I'm in a bit of a dilemma and somewhat astounded by something that happened to my wife and I recently. We applied to a rescue in SoCal for an adoption and were turned down. Can someone help me make some sense to some of this because I truly am at a loss for words right now. 

The e-mails below show what was discussed but it seems that the rescue just made their own assumptions without asking the proper questions. When speaking to my wife about it it seemed as if they were almost rushing her on the phone and she (wife) was asking them more questions than she was asked (knowing my wife I don't put it past her...lol).

Their response to us:

Thank you for your application to adopt one of our dogs. During the telephone conversation with our volunteer, several concerns arose and we are not able to accept your offer to adopt at this time. First, it concerns us tremendously that there is a possibility that your husband could be transferred to Japan. It would be very difficult for you to take him with you if you have to move overseas. Secondly, you mentioned that your husband gave away a German Shepherd prior to your marriage--this would automatically disqualify you from adopting from our organization as we believe that dogs are family members not to be discarded due to challenges. Finally, we noticed that you have two small children and as a general rule, we do not place shepherds in homes with toddlers simply because the dogs have unknown backgrounds and we cannot be certain that they are respectful of toddlers. Our strong recommendation is that you adopt a much smaller breed of dog that would be easy to transport overseas should you have to move. When making your decision, you need to look into the future for 10-12 years (the life span of a dog) and be certain that you are planning to have the dog with you no matter what life changes take place. 

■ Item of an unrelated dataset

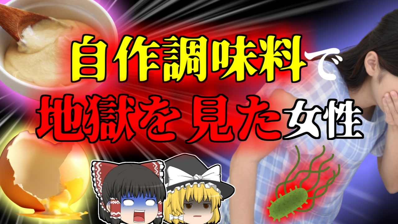今回紹介するのは、以前リクエストがありました、とある調味料での食中毒事例です。中部地方の某都市に暮らす女性「Aさん」は、就職のために新生活を開始したばかりでした。<br>彼女は以前から健康に気を使っており、最近知人から食品添加物のリスクなどの話を聞いていたため、新生活を開始するにあたり、調味料を自作してみることにしました。<br>その調味料は、マヨネーズ。<br>Aさんはスーパーで材料を購入し、早速マヨネーズ作りにとりかかりました。<br>マヨネーズは予想以上に簡単に完成し、Aさんはその味に満足しましたが、一度に大量に作ってしまったため、冬季の器に移し替え、ラップをして冷蔵保存していました。<br>このマヨネーズは一週間前後ほどで使い切りましたが、<br>最後のマヨネーズを使った、マカロニサラダを食べたところ、とてつもない腹痛と高熱、激しい吐き気に襲われ、彼女は意識もうろうとしながらも、病院で検査を受けました。<br>すると、彼女からは大量のサルモネラ菌が検出され、食中毒という診断が下されました。<br><br><a href="#" class="seekTime" data-seekTime="00:00" onclick="seekNicoPlayer('#00:00'); return false;">#00:00</a> 冒頭挨拶<br><a href="#" class="seekTime" data-seekTime="00:24" onclick="seekNicoPlayer('#00:24'); return false;">#00:24</a> 視聴上の注意<br><a href="#" class="seekTime" data-seekTime="1:00" onclick="seekNicoPlayer('#1:00'); return false;">#1:00</a> 本編開始<br><a href="#" class="seekTime" data-seekTime="1:55" onclick="seekNicoPlayer('#1:55'); return false;">#1:55</a> 自作マヨネーズに挑戦<br><a href="#" class="seekTime" data-seekTime="3:14" onclick="seekNicoPlayer('#3:14'); return false;">#3:14</a> 味に満足し保存<br><a href="#" class="seekTime" data-seekTime="3:49" onclick="seekNicoPlayer('#3:49'); return false;">#3:49</a> 異変<br><a href="#" class="seekTime" data-seekTime="4:14" onclick="seekNicoPlayer('#4:14'); return false;">#4:14</a> 地獄の苦しみ<br><a href="#" class="seekTime" data-seekTime="5:10" onclick="seekNicoPlayer('#5:10'); return false;">#5:10</a> 検査の結果<br><a href="#" class="seekTime" data-seekTime="5:45" onclick="seekNicoPlayer('#5:45'); return false;">#5:45</a> 「サルモネラ・エンテリティディス」<br><a href="#" class="seekTime" data-seekTime="6:35" onclick="seekNicoPlayer('#6:35'); return false;">#6:35</a> 卵<br><a href="#" class="seekTime" data-seekTime="7:13" onclick="seekNicoPlayer('#7:13'); return false;">#7:13</a> 現在は生で食べられるほど安全だったが…<br><a href="#" class="seekTime" data-seekTime="8:20" onclick="seekNicoPlayer('#8:20'); return false;">#8:20</a> 猛毒マカロニサラダだった<br><a href="#" class="seekTime" data-seekTime="8:43" onclick="seekNicoPlayer('#8:43'); return false;">#8:43</a> メーカー品と自作品の決定的違い<br><a href="#" class="seekTime" data-seekTime="10:18" onclick="seekNicoPlayer('#10:18'); return false;">#10:18</a> 基本的な予防法<br><br>引用・出展・参考文献<br>厚生労働省 家庭での食中毒予防<br><a href="https://ishort.ink/kKLm" target="_blank" rel="noopener nofollow">https://ishort.ink/kKLm</a><br>農林水産省 安全なたまごができるまで<br><a href="https://ishort.ink/FXC8" target="_blank" rel="noopener nofollow">https://ishort.ink/FXC8</a><br>あかね牧場 卵を生食できる日本<br><a href="https://ishort.ink/pGUv" target="_blank" rel="noopener nofollow">https://ishort.ink/pGUv</a><br>東京都福祉保健局 食品衛生の窓「サルモネラ・エンテリティディス」<br><a href="https://ishort.ink/cjSp" target="_blank" rel="noopener nofollow">https://ishort.ink/cjSp</a><br>公益社団法人 日本食品衛生協会 食中毒菌<br><a href="https://ishort.ink/zpFa" target="_blank" rel="noopener nofollow">https://ishort.ink/zpFa</a><br><br />※この動画は過去の事件を知り、現在でも同じことが発生する危険性を再認識、関与しないように促すための動画であり、視聴者を扇動、動揺を誘うためのコンテンツではありません。<br><br>ご要望にお応えして、メンバーシップの開設を行いました。<br>下記URLからも登録可能ですので、ご興味がある方は是非ご参加ください。<br><a href="https://www.youtube.com/channel/UCcT5a1J7XJW7CLYI2RKl4pw/join" target="_blank" rel="noopener nofollow">https://www.youtube.com/channel/UCcT5a1J7XJW7CLYI2RKl4pw/join</a><br><br><br>Twitter<br>→<a href="https://twitter.com/yukkurisurutoko" target="_blank" rel="noopener nofollow">https://twitter.com/yukkurisurutoko</a><br><br>取り急ぎ、簡易的にですがマイリストを作りました。<br>【ゆっくり解説】事故・事件関係紹介リスト <br><a href="https://www.nicovideo.jp/mylist/71034319" target="_blank" rel="noopener nofollow">https://www.nicovideo.jp/mylist/71034319</a><br>【ゆっくり解説】放射線系事故<br><a href="https://www.nicovideo.jp/mylist/71034368" target="_blank" rel="noopener nofollow">https://www.nicovideo.jp/mylist/71034368</a><br>【ゆっくり解説】鉄道系事故・事件関連<br><a href="https://www.nicovideo.jp/mylist/71034379" target="_blank" rel="noopener nofollow">https://www.nicovideo.jp/mylist/71034379</a>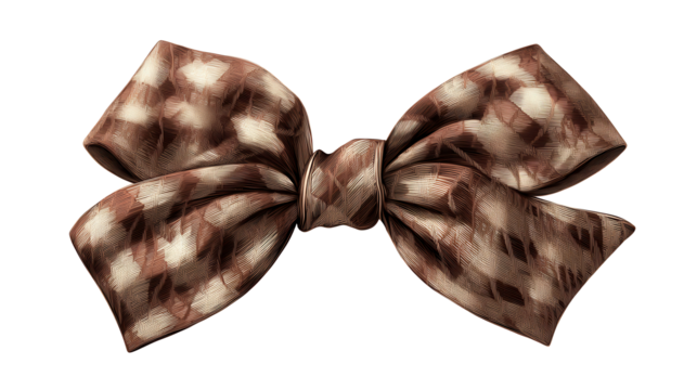 Brown checkered pattern tie bow accessory displaying woven fabric details and elegant design, perfect for fashion, celebration, or formal occasions with a transparent background, png

I'm sorry but we do not believe that a shepherd is a realistic choice for your current situation. We wish you all the best in your search for a new family member, but we hope that you will take time to really think about whether the timing is right for a new addition.


My response:

My wife forwarded the below response that she was sent and they're are a few things that I believe would need to be cleared by what I am reading. It apparently seems that the volunteer on the phone that my wife spoke to assumed or misunderstood what she told her. I hope to clarify them below.

1. I am presently in Japan. My wife and children are in California. If my family and I were to go overseas we would take our dog with us. If I were to go overseas alone again then everyone else would be at home in California to include our dog.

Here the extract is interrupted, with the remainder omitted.